__How to complete this task__
The copy should begin at the line containing "生活垃圾中的廚果類與橡塑類密" and end at the last line of the material. Please reproduce those lines exactly and keep pictures out.

__Data block__
========================================

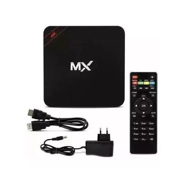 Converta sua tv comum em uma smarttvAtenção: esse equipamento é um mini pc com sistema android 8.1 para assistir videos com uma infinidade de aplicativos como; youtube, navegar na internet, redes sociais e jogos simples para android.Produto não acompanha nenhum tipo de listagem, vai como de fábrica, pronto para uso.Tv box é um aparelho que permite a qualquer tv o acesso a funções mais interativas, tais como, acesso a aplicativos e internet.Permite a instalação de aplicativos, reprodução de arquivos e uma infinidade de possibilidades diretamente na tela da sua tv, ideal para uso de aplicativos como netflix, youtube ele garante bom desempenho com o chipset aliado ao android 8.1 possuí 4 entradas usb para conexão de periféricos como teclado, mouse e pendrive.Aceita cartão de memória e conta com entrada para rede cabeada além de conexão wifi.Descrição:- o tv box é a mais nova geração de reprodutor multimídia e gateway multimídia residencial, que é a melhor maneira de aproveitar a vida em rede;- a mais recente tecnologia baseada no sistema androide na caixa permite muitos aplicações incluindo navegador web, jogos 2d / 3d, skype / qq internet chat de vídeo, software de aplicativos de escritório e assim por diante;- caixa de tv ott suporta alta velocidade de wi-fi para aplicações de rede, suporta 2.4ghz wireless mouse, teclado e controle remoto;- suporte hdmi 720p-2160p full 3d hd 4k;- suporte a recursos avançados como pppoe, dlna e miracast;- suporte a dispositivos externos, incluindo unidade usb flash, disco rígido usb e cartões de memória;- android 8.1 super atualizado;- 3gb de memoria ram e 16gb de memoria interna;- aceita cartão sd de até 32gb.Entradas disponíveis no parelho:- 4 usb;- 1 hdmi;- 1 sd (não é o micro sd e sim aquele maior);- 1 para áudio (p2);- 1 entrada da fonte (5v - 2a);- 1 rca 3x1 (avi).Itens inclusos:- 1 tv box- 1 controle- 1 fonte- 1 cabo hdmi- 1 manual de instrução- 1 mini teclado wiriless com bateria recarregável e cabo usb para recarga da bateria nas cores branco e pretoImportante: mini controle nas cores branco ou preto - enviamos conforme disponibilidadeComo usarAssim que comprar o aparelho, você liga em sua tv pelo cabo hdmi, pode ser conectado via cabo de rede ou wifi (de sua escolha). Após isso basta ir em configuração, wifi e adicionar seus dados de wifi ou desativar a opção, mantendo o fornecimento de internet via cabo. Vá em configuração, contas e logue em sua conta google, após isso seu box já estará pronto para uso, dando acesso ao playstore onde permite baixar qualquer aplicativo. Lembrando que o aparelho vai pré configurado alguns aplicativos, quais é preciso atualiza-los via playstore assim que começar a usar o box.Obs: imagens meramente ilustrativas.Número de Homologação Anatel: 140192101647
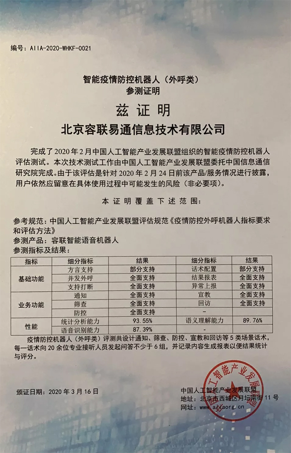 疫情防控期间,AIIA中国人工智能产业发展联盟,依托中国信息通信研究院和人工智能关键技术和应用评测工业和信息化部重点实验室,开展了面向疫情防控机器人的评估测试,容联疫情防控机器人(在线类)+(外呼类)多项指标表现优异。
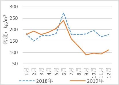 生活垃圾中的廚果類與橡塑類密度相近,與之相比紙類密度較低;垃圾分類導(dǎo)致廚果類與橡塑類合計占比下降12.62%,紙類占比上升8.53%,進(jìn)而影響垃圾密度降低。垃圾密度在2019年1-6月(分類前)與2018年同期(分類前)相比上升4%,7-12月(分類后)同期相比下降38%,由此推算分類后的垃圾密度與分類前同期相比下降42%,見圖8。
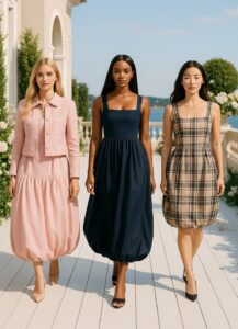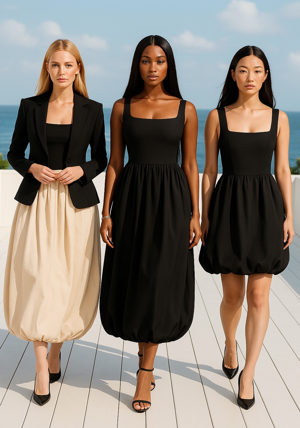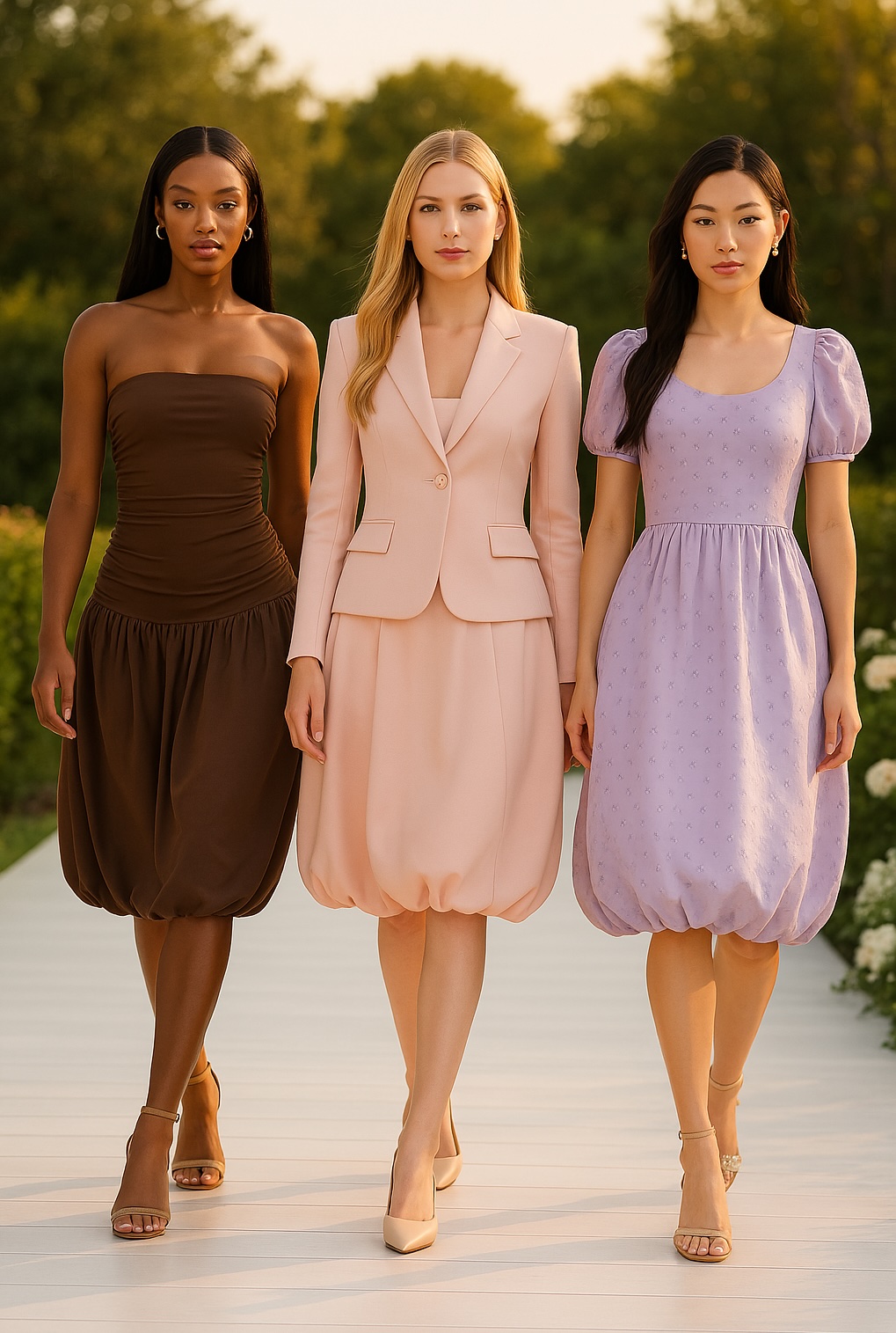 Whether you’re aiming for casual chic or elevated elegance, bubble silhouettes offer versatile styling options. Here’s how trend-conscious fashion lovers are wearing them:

========================================

__Output below__
 生活垃圾中的廚果類與橡塑類密度相近,與之相比紙類密度較低;垃圾分類導(dǎo)致廚果類與橡塑類合計占比下降12.62%,紙類占比上升8.53%,進(jìn)而影響垃圾密度降低。垃圾密度在2019年1-6月(分類前)與2018年同期(分類前)相比上升4%,7-12月(分類后)同期相比下降38%,由此推算分類后的垃圾密度與分類前同期相比下降42%,見圖8。
 Whether you’re aiming for casual chic or elevated elegance, bubble silhouettes offer versatile styling options. Here’s how trend-conscious fashion lovers are wearing them:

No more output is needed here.